**DATA EXTRACTS:**

BEGIN

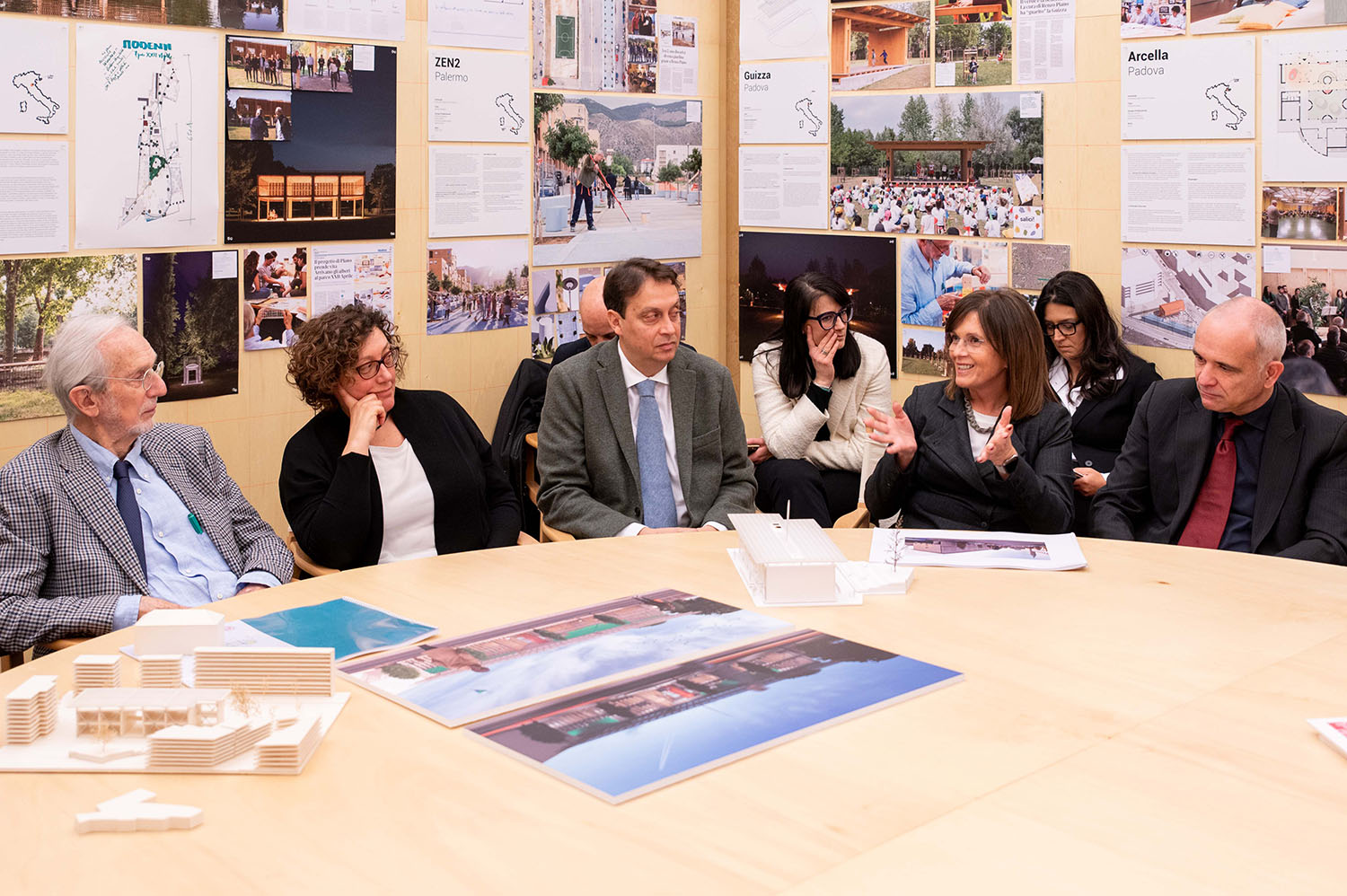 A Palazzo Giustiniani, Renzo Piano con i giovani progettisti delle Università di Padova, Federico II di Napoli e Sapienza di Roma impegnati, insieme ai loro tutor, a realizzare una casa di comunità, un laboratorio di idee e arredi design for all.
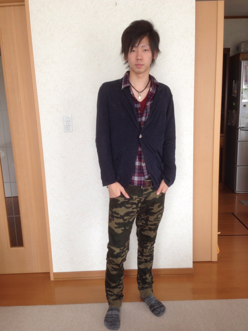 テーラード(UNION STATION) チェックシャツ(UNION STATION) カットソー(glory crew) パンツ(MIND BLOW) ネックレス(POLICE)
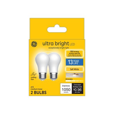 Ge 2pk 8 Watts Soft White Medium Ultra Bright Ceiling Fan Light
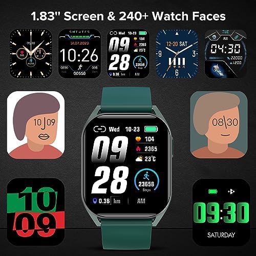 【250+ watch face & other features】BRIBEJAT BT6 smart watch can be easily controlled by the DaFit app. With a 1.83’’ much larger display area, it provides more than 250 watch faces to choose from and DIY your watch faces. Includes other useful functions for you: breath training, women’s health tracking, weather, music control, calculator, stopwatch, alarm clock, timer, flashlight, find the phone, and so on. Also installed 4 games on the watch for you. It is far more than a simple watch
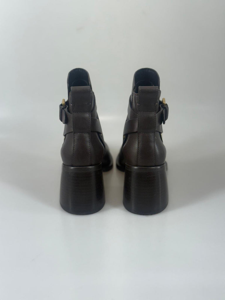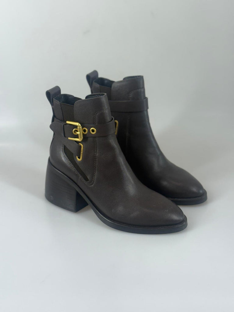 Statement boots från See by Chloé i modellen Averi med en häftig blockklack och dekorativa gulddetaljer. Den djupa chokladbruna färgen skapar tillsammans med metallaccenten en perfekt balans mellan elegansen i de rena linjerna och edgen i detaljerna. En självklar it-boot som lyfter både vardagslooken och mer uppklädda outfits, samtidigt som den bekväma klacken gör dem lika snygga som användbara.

END
BEGIN

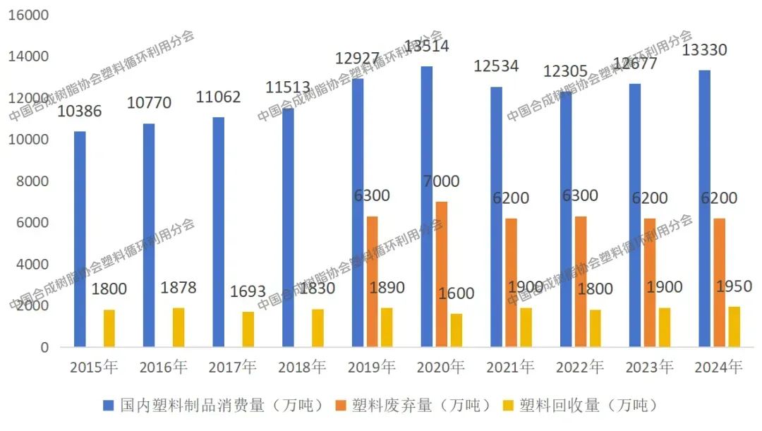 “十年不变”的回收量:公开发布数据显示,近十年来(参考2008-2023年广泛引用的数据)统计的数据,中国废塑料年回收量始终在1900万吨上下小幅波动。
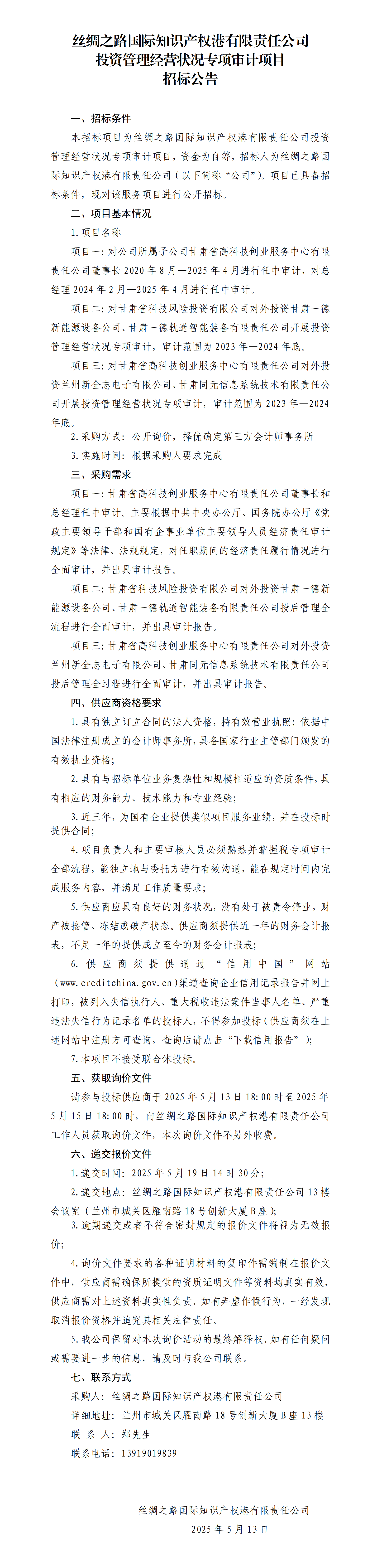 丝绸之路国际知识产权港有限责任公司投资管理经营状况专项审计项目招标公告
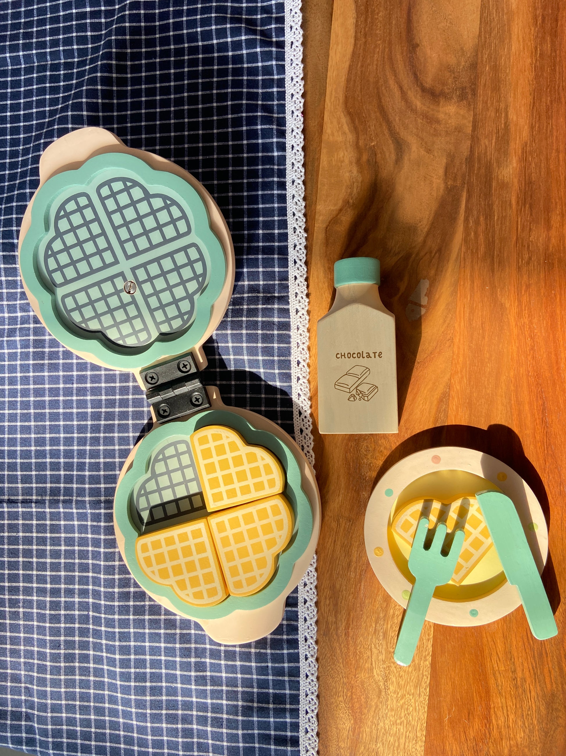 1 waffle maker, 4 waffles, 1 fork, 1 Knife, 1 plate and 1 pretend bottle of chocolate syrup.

END
BEGIN

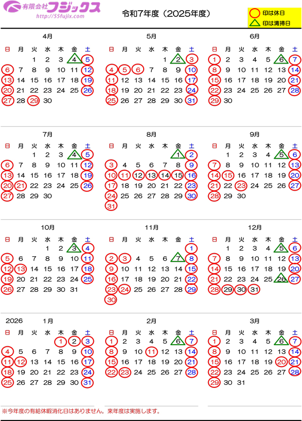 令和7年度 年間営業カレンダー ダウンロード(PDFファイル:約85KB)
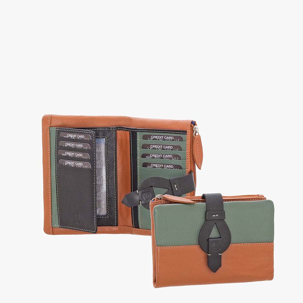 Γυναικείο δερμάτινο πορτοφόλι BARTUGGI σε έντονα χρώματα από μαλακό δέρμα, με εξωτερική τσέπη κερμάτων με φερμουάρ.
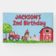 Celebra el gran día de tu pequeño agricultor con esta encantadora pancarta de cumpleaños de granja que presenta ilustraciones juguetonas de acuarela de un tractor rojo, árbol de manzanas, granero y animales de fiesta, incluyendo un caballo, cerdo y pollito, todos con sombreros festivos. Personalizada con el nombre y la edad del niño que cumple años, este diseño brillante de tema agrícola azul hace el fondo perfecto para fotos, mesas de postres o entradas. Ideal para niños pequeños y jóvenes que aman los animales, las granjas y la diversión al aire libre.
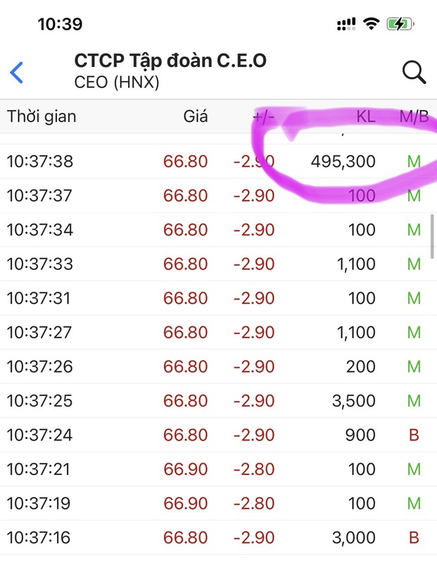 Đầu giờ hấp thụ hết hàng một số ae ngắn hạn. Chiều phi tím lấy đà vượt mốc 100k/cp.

END

**TASK OBJECTIVE:** Could you output exactly the lines above, from the line with "令和7年度 年間営業カレンダー ダウンロード(PDFファイル:約85KB)" up to and including the line with "Đầu giờ hấp", and nothing else, skipping the pictures?

**YOUR RESPONSE:**
 令和7年度 年間営業カレンダー ダウンロード(PDFファイル:約85KB)
 Γυναικείο δερμάτινο πορτοφόλι BARTUGGI σε έντονα χρώματα από μαλακό δέρμα, με εξωτερική τσέπη κερμάτων με φερμουάρ.
 Celebra el gran día de tu pequeño agricultor con esta encantadora pancarta de cumpleaños de granja que presenta ilustraciones juguetonas de acuarela de un tractor rojo, árbol de manzanas, granero y animales de fiesta, incluyendo un caballo, cerdo y pollito, todos con sombreros festivos. Personalizada con el nombre y la edad del niño que cumple años, este diseño brillante de tema agrícola azul hace el fondo perfecto para fotos, mesas de postres o entradas. Ideal para niños pequeños y jóvenes que aman los animales, las granjas y la diversión al aire libre.
 Đầu giờ hấp thụ hết hàng một số ae ngắn hạn. Chiều phi tím lấy đà vượt mốc 100k/cp.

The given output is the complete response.